3. Check bot label changes from sybilscar
4. Save new bot_or_not_without_noises

### 1. Load necessary data

In [None]:
import polars as pl
import os
pl.Config.set_fmt_str_lengths(400)

In [None]:
DATA_PATH = os.getenv("DATA_PATH", "")

In [None]:
bot_or_not = pl.read_parquet(f"{DATA_PATH}/interim/bot_or_not_without_info.parquet")
bot_or_not


In [None]:
sybilscar_result = pl.read_parquet(f"{DATA_PATH}/../farcaster-social-graph-api/farcaster_social_graph_api/data/sybil_scar_results.parquet")
sybilscar_result

In [None]:
fnames = pl.read_parquet(f"{DATA_PATH}/raw/farcaster-fnames-0-1730134800.parquet")
last_fnames = fnames[["fid","updated_at"]].group_by("fid").max()
last_fnames = last_fnames.join(fnames,on=["fid","updated_at"],how="left",coalesce=True)[["fid","fname"]]
# will be used in "3. Check bot label changes from sybilscar"
last_fnames

### 2. Apply logic to add new column "is_noisy"

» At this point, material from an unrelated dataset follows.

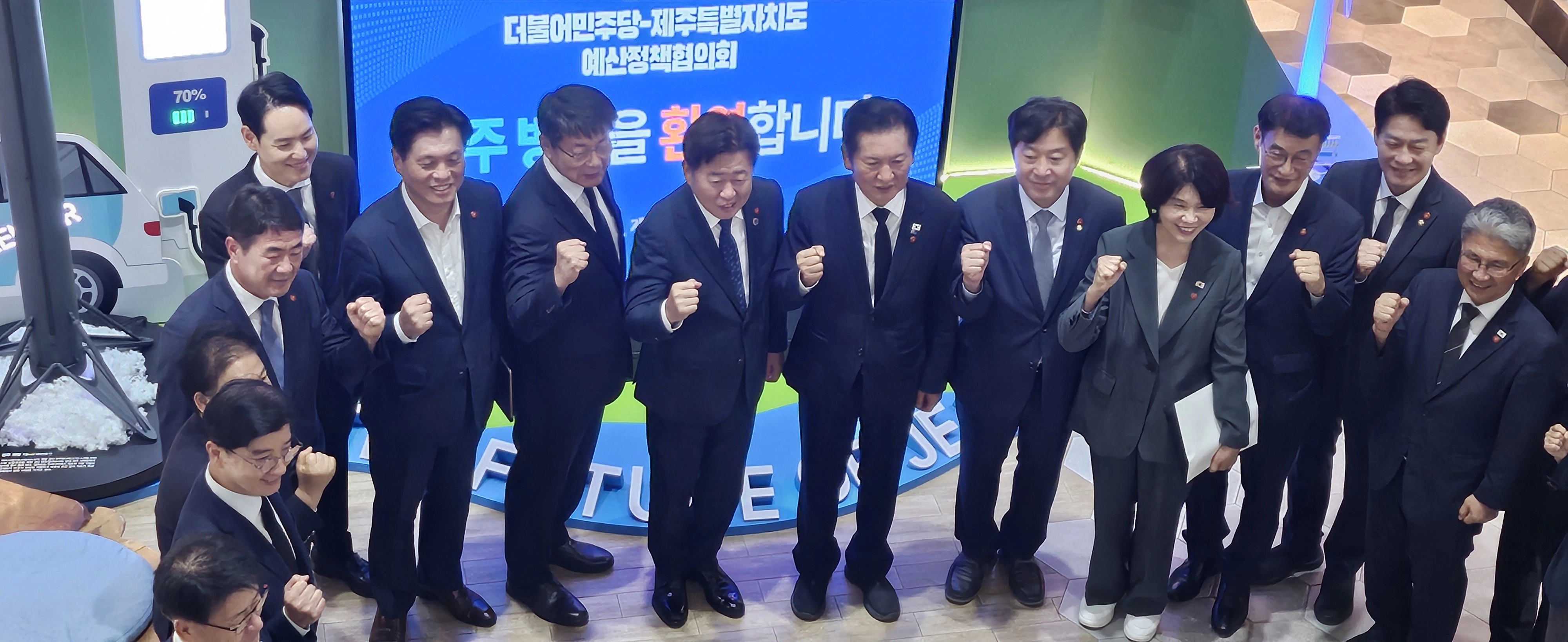 또한 “내년도 예산에 제주가 2조 3010억원을 확보한 것은 반가운 소식”이라며 “가파도 RE100 마을 조성, 수소차 보급 등 이재명 대통령이 약속한 재생에너지 모범도시 비전이 반영돼 제주가 탄소중립과 에너지 전환의 선도지역으로 자리매김하는 데 앞으로 큰 역할을 할 것”이라고 말했다.

For now, we are considering a sample noisy if sybil scar result (threshold p < 0.5) is different than bot_or_not


In [None]:
df = bot_or_not.join(sybilscar_result,on="fid",coalesce=True,how="left")
df

In [None]:
# Check that there are indexes in bot_or_not that are outside the sybilscar result
df.filter(pl.col("posterior").is_null())

In [None]:
df = df.with_columns([
    pl.when(pl.col("posterior").is_null())
    .then(pl.col("bot"))
    .otherwise(pl.col("bot") != (pl.col("posterior") < 0.5 ))
    .alias("is_noisy")
])

display(df)
print("number of noisy elements: ",df["is_noisy"].sum())

### 3. Check bot label changes from sybilscar

In [None]:
bot_or_not_with_fnames = df.join(last_fnames[["fid","fname"]],on="fid",how="left", coalesce=True)
bot_or_not_with_fnames.filter(pl.col("is_noisy"))

After manual inspection of the changed labels (noisy values), it is possible to check that ~70% of the changes make sense

### 4. Save new bot_or_not_without_noises

In [None]:
# Filter and remove unnecessary columns
bot_or_not_without_noises = df.filter(~pl.col("is_noisy"))[["fid","bot"]]
bot_or_not_without_noises

In [None]:
bot_or_not_without_noises.write_parquet(f"{DATA_PATH}/interim/bot_or_not_without_noises.parquet")